Data section:
________
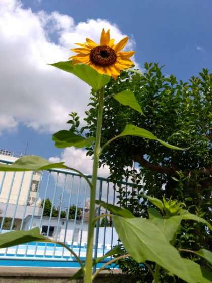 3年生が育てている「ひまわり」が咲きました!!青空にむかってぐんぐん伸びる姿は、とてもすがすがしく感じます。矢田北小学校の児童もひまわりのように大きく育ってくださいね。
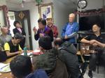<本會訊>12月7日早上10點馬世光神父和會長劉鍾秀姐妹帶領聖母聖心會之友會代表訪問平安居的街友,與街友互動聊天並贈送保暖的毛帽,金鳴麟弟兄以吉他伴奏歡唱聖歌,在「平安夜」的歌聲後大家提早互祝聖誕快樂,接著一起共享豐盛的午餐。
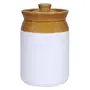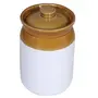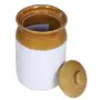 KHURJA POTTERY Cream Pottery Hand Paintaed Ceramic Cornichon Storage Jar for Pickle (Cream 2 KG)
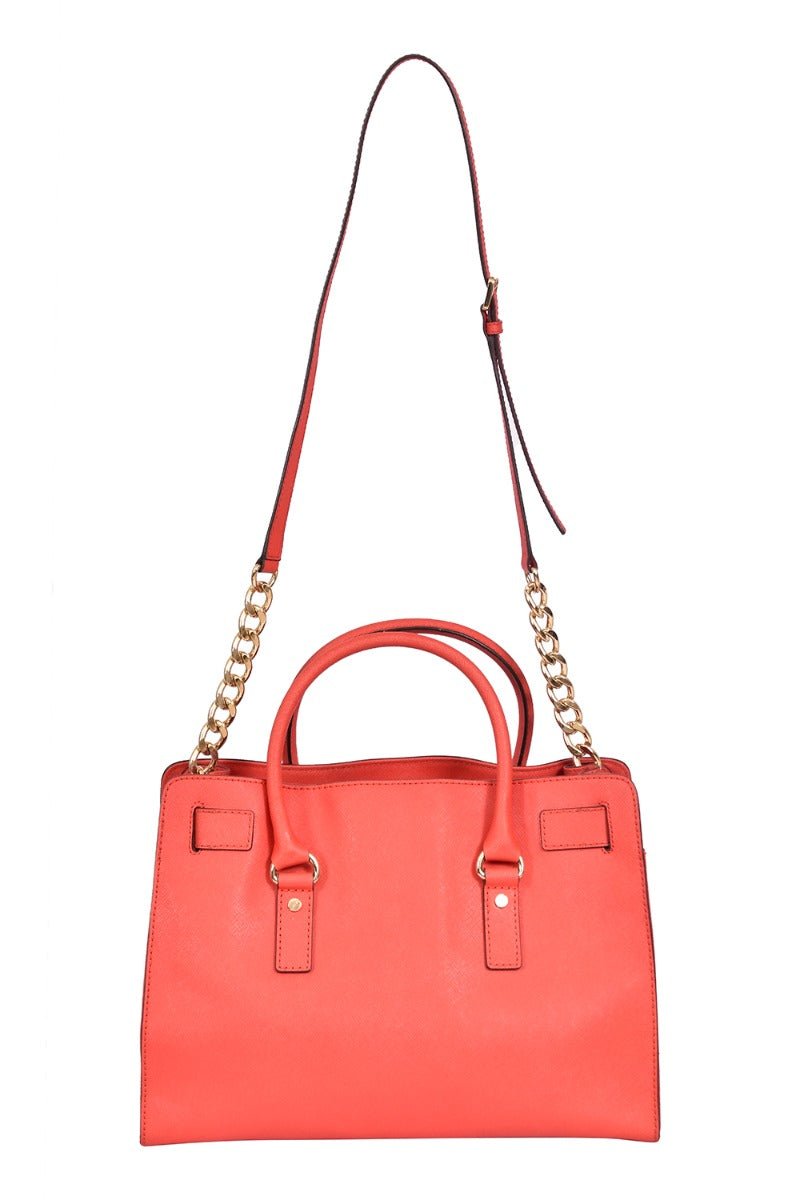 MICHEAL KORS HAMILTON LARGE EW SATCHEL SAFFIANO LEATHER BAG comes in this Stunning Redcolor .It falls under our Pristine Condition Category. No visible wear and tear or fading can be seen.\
________
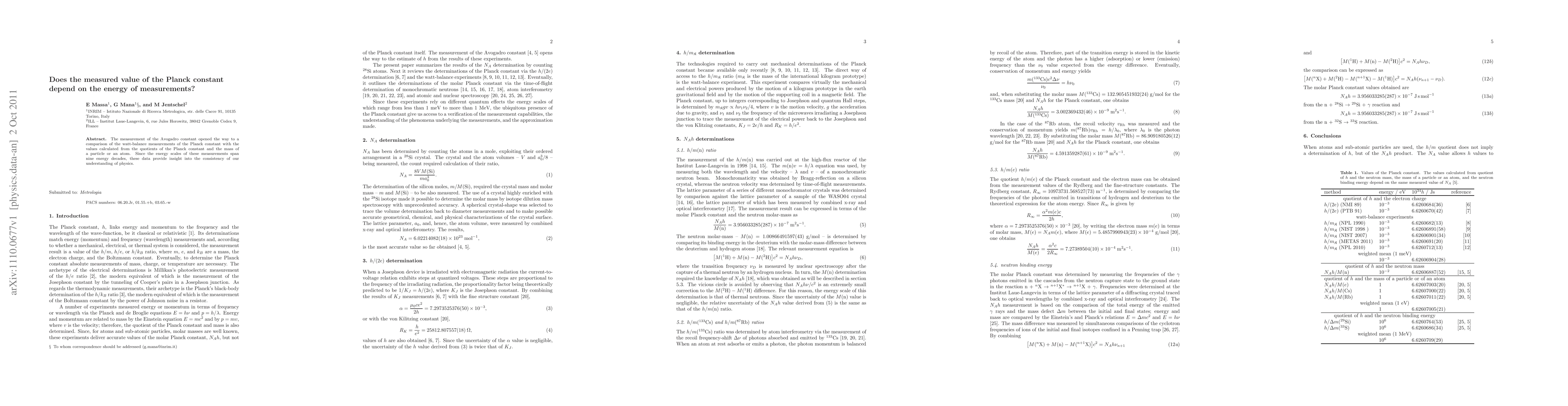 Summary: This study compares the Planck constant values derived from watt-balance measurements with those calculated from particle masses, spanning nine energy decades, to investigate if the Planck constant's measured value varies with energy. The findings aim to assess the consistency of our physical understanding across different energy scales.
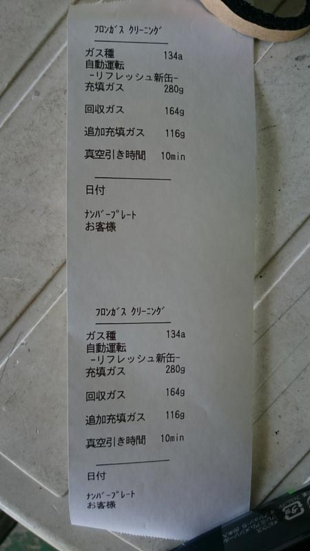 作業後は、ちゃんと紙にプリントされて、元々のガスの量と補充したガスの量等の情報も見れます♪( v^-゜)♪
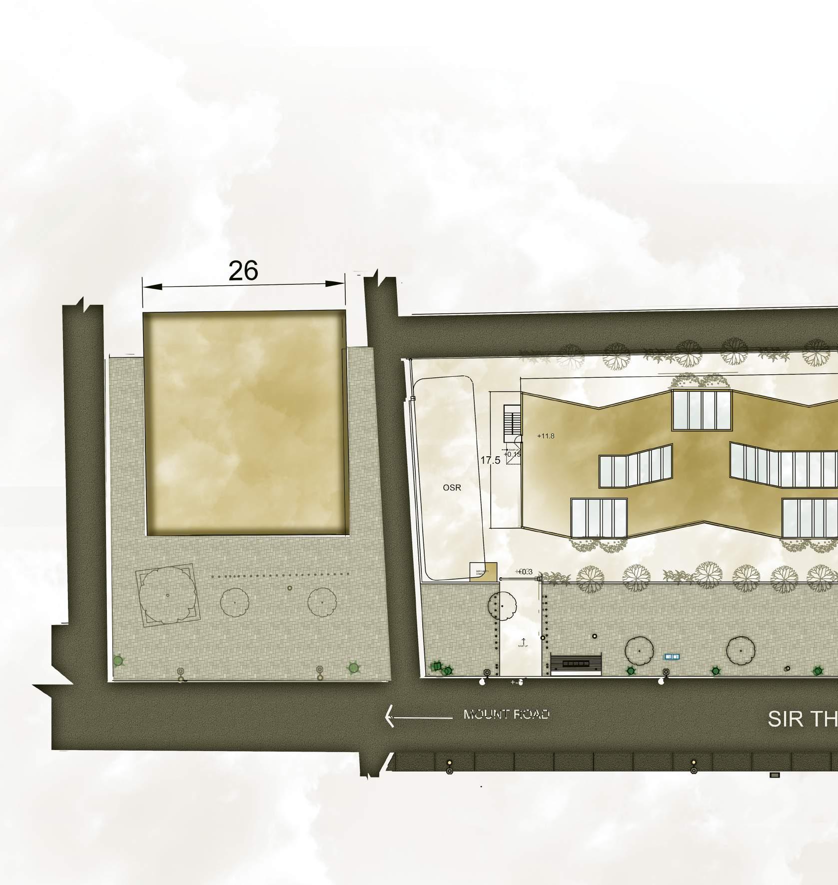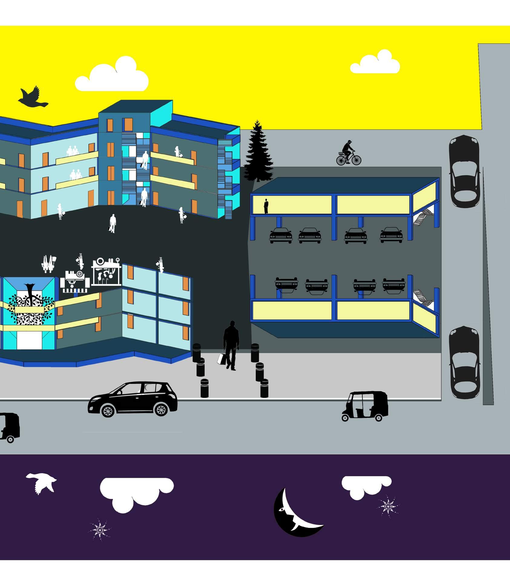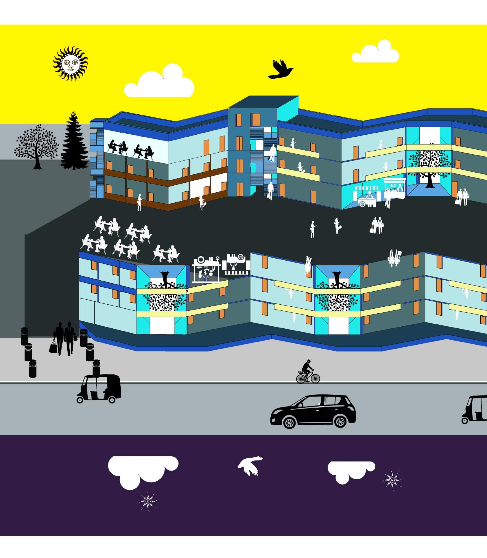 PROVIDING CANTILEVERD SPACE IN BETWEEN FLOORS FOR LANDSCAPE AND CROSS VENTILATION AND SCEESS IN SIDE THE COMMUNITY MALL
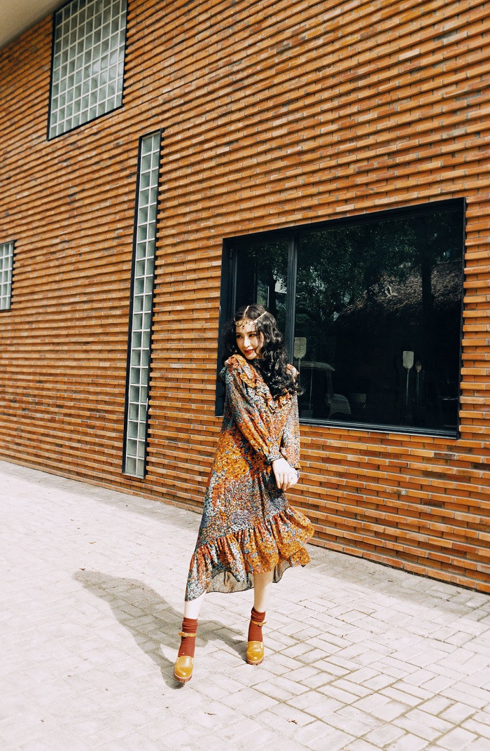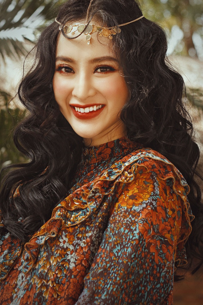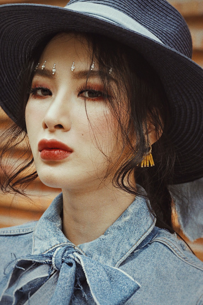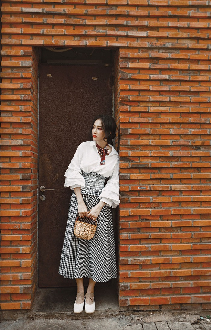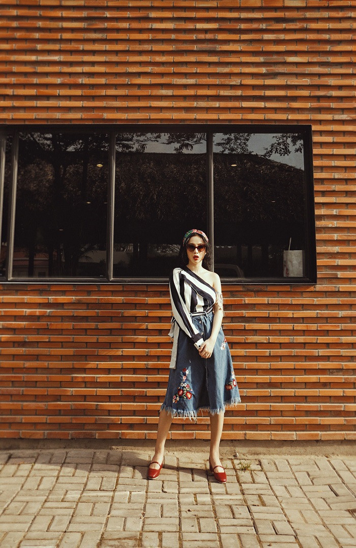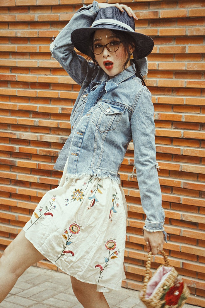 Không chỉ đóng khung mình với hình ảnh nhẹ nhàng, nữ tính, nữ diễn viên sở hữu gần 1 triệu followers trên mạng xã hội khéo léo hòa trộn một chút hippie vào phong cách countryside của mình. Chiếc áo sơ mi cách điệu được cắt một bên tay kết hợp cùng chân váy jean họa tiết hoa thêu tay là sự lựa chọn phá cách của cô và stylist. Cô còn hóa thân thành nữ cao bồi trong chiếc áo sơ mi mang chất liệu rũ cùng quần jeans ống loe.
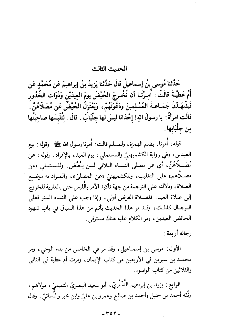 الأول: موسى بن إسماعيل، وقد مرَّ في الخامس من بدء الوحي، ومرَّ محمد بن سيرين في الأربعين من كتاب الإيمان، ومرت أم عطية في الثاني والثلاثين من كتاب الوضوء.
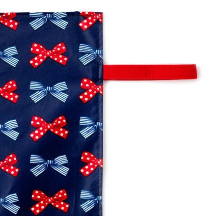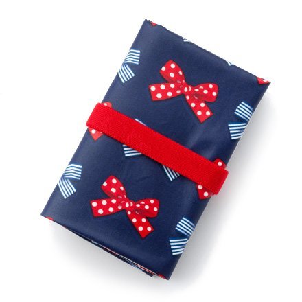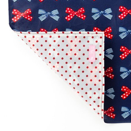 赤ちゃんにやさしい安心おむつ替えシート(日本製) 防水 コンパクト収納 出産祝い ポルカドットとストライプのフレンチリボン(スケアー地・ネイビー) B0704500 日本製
________
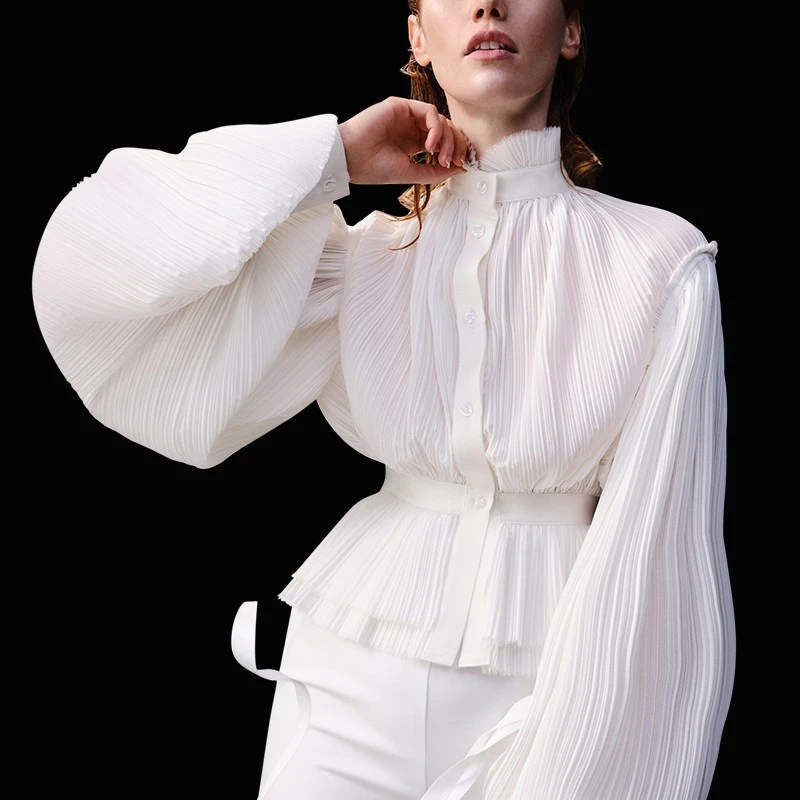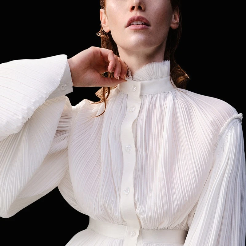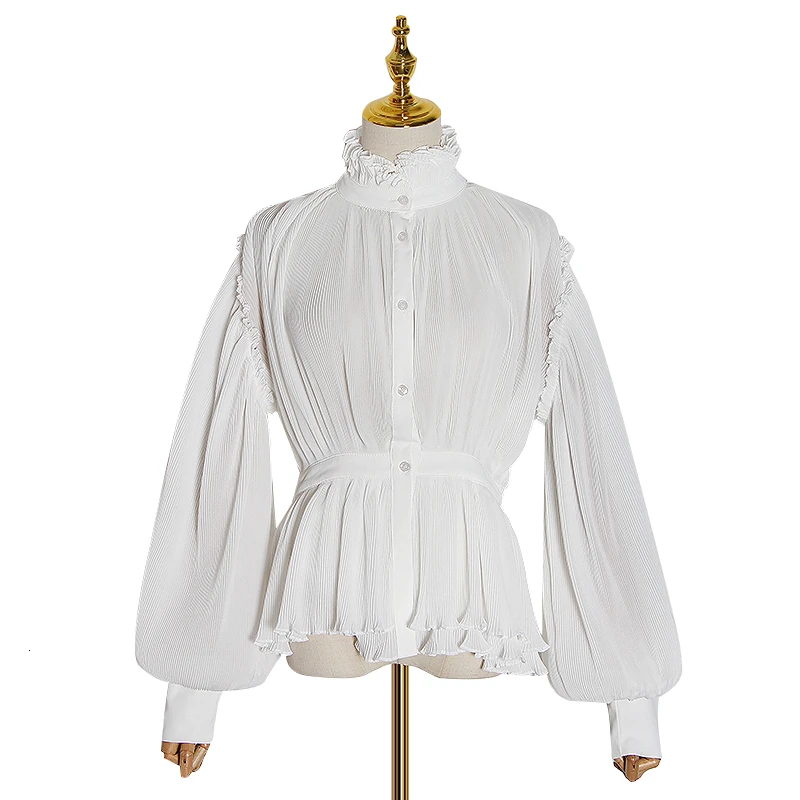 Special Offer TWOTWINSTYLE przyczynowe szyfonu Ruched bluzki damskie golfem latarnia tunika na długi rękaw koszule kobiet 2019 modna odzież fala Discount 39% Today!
________
Exercise description: Take the material above from the line bearing "Không chỉ đóng" through the line bearing "赤ちゃんにやさしい安心おむつ替えシート(日本製) 防水 コンパクト収納" and write it out exactly, both end lines included. Pictures stay out.

Written answer:
 Không chỉ đóng khung mình với hình ảnh nhẹ nhàng, nữ tính, nữ diễn viên sở hữu gần 1 triệu followers trên mạng xã hội khéo léo hòa trộn một chút hippie vào phong cách countryside của mình. Chiếc áo sơ mi cách điệu được cắt một bên tay kết hợp cùng chân váy jean họa tiết hoa thêu tay là sự lựa chọn phá cách của cô và stylist. Cô còn hóa thân thành nữ cao bồi trong chiếc áo sơ mi mang chất liệu rũ cùng quần jeans ống loe.
 الأول: موسى بن إسماعيل، وقد مرَّ في الخامس من بدء الوحي، ومرَّ محمد بن سيرين في الأربعين من كتاب الإيمان، ومرت أم عطية في الثاني والثلاثين من كتاب الوضوء.
 赤ちゃんにやさしい安心おむつ替えシート(日本製) 防水 コンパクト収納 出産祝い ポルカドットとストライプのフレンチリボン(スケアー地・ネイビー) B0704500 日本製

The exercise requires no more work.